# Problem
The result should be an exact copy of the data, free of pictures.
** Data supplied follows **
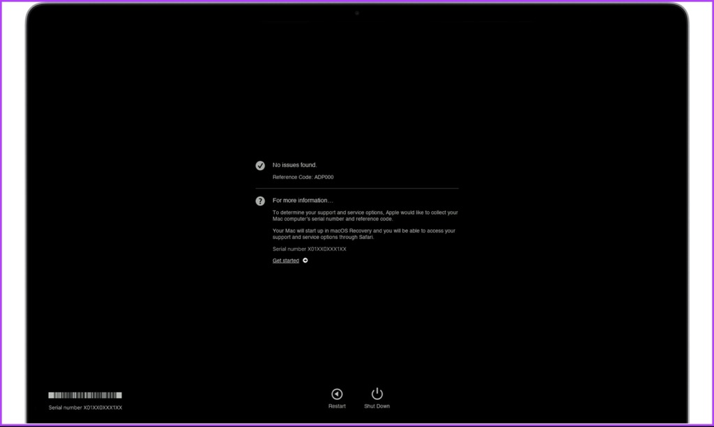 É isso. O diagnóstico começará. Quando terminar, você verá os resultados com um ou mais códigos de referência do Apple Diagnostics para ajudar você identifica possíveis problemas.
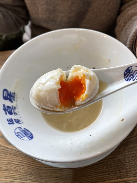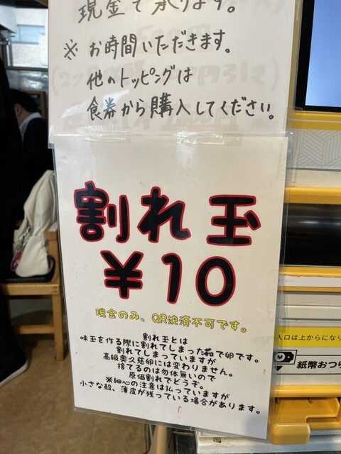 割れ卵は味玉の調理中に傷がついても高級奥久慈卵に変わりはない!ということで味玉ではありませんがゆで卵¥10とは破格のトッピング!
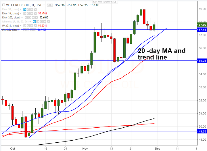 - US oil declined sharply yesterday till $56.74 and shown a minor increase from that level after OPEC meeting. OPEC agrees to extend its production cut to end of 2018.. The commodity recovered from intraday low of $57.25.
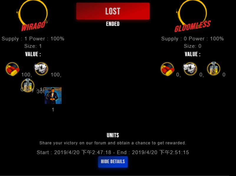 Congratulations @gloomless ! Your fight received an upvote of 9% from the Dealer as incentive for your activity and as a gratitude for your support to the game.
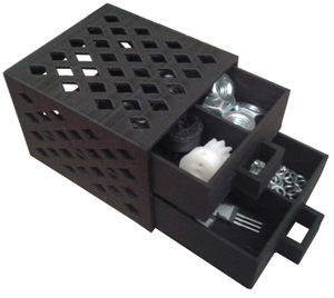 Durante mucho tiempo he estado usando los mini-cajones diseñados por ttsalo: http://www.thingiverse.com/thing:15802. Basado en ellos, he hecho un diseño diferente, en el que el cuerpo tienen un mosaico de rombos.
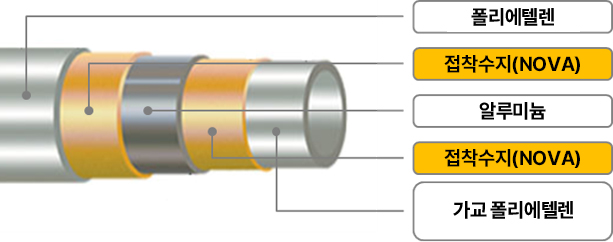 다층 알루미늄 복합 파이프는 냉온수, 각종 산/알칼리, 염수, 가스, 산소, 압축 공기 등 기체와 액체를 운반하는 용도로 널리 사용되고 있습니다. NOVA™ 접착 수지는 PE와 Aluminum 사이의 결합층 역할을 하며, 우수한 장기 접착 내구성을 제공합니다.
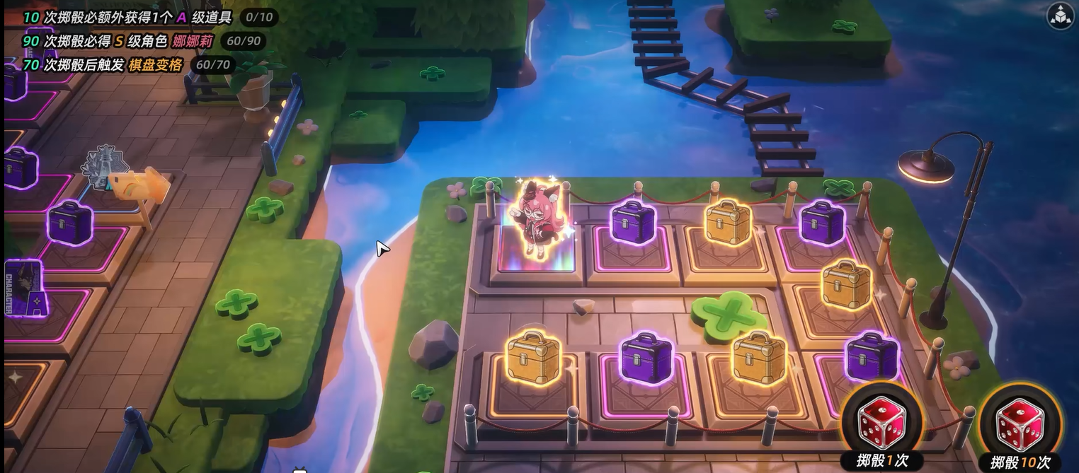 该玩法以环形棋盘为载体,玩家每次行动通过投掷骰子决定步数,棋子依点数沿路径移动,最终停留位置即对应奖励。棋盘格分为两类:角色格与宝箱格。角色格为当期UP限定角色专属格,落格即直接获得该角色,无概率干扰;宝箱格则为随机奖励区,可能开出S级角色、S级武器或通用培养材料,具体结果需落格后揭晓,不确定性较高。
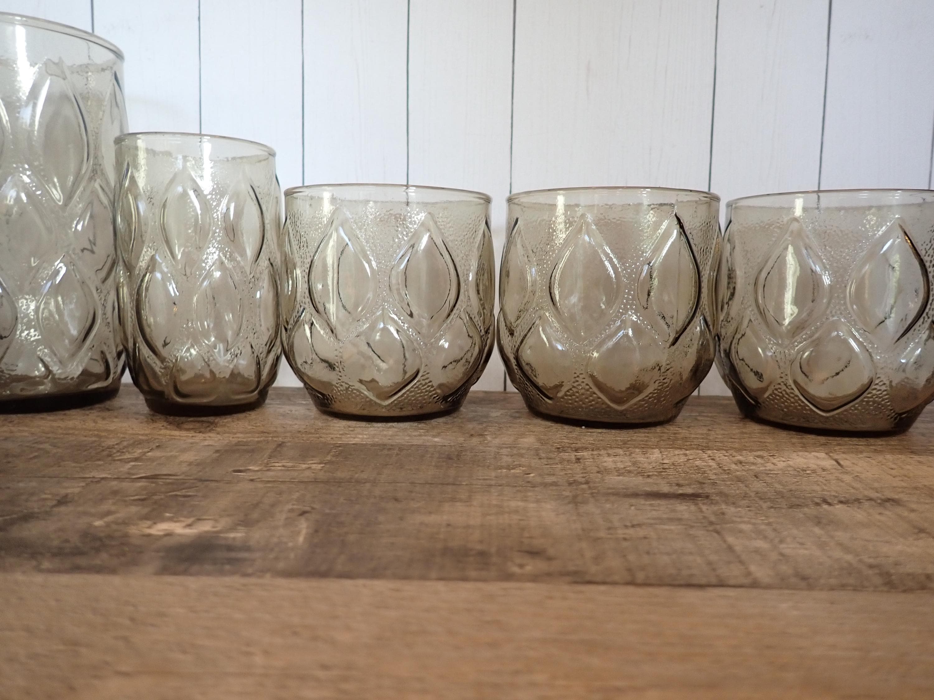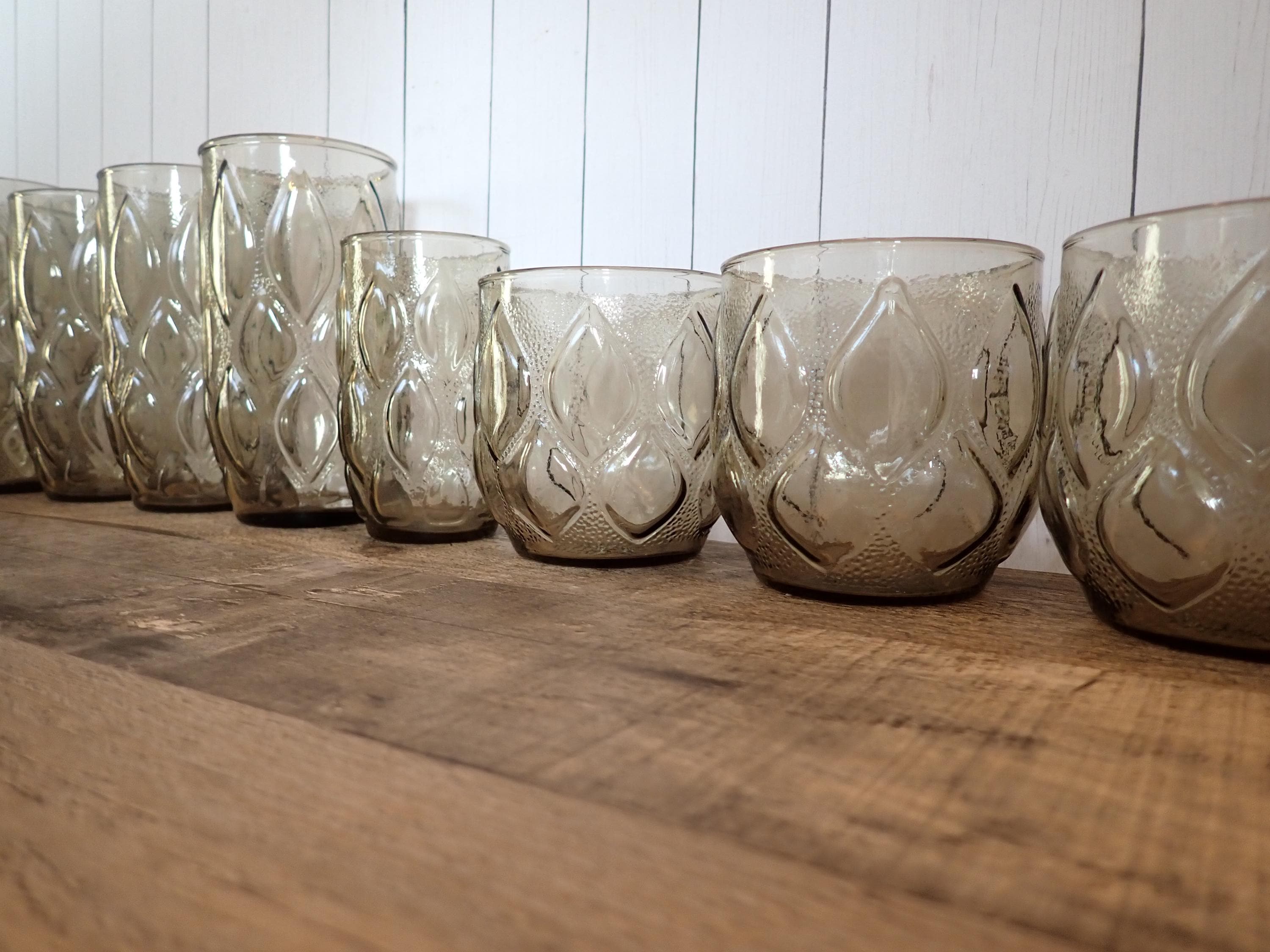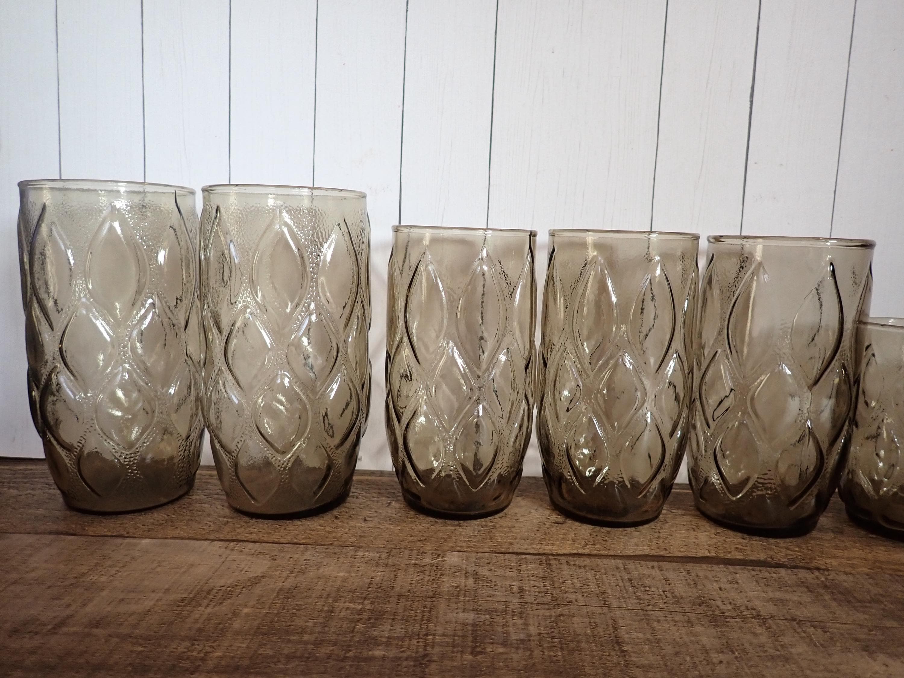 This set of 9 Anchor Hocking glasses are in the Madrid Brown pattern. They are a smoky brown color, and have a smooth textured finish with raised diamond shapes running vertically down the glass to create a subtle geometric pattern. This mix and match set includes 9 glasses in various sizes - included are:
** End of Data supplied **
# Answer for this exercise
 É isso. O diagnóstico começará. Quando terminar, você verá os resultados com um ou mais códigos de referência do Apple Diagnostics para ajudar você identifica possíveis problemas.
 割れ卵は味玉の調理中に傷がついても高級奥久慈卵に変わりはない!ということで味玉ではありませんがゆで卵¥10とは破格のトッピング!
 - US oil declined sharply yesterday till $56.74 and shown a minor increase from that level after OPEC meeting. OPEC agrees to extend its production cut to end of 2018.. The commodity recovered from intraday low of $57.25.
 Congratulations @gloomless ! Your fight received an upvote of 9% from the Dealer as incentive for your activity and as a gratitude for your support to the game.
 Durante mucho tiempo he estado usando los mini-cajones diseñados por ttsalo: http://www.thingiverse.com/thing:15802. Basado en ellos, he hecho un diseño diferente, en el que el cuerpo tienen un mosaico de rombos.
 다층 알루미늄 복합 파이프는 냉온수, 각종 산/알칼리, 염수, 가스, 산소, 압축 공기 등 기체와 액체를 운반하는 용도로 널리 사용되고 있습니다. NOVA™ 접착 수지는 PE와 Aluminum 사이의 결합층 역할을 하며, 우수한 장기 접착 내구성을 제공합니다.
 该玩法以环形棋盘为载体,玩家每次行动通过投掷骰子决定步数,棋子依点数沿路径移动,最终停留位置即对应奖励。棋盘格分为两类:角色格与宝箱格。角色格为当期UP限定角色专属格,落格即直接获得该角色,无概率干扰;宝箱格则为随机奖励区,可能开出S级角色、S级武器或通用培养材料,具体结果需落格后揭晓,不确定性较高。
 This set of 9 Anchor Hocking glasses are in the Madrid Brown pattern. They are a smoky brown color, and have a smooth textured finish with raised diamond shapes running vertically down the glass to create a subtle geometric pattern. This mix and match set includes 9 glasses in various sizes - included are:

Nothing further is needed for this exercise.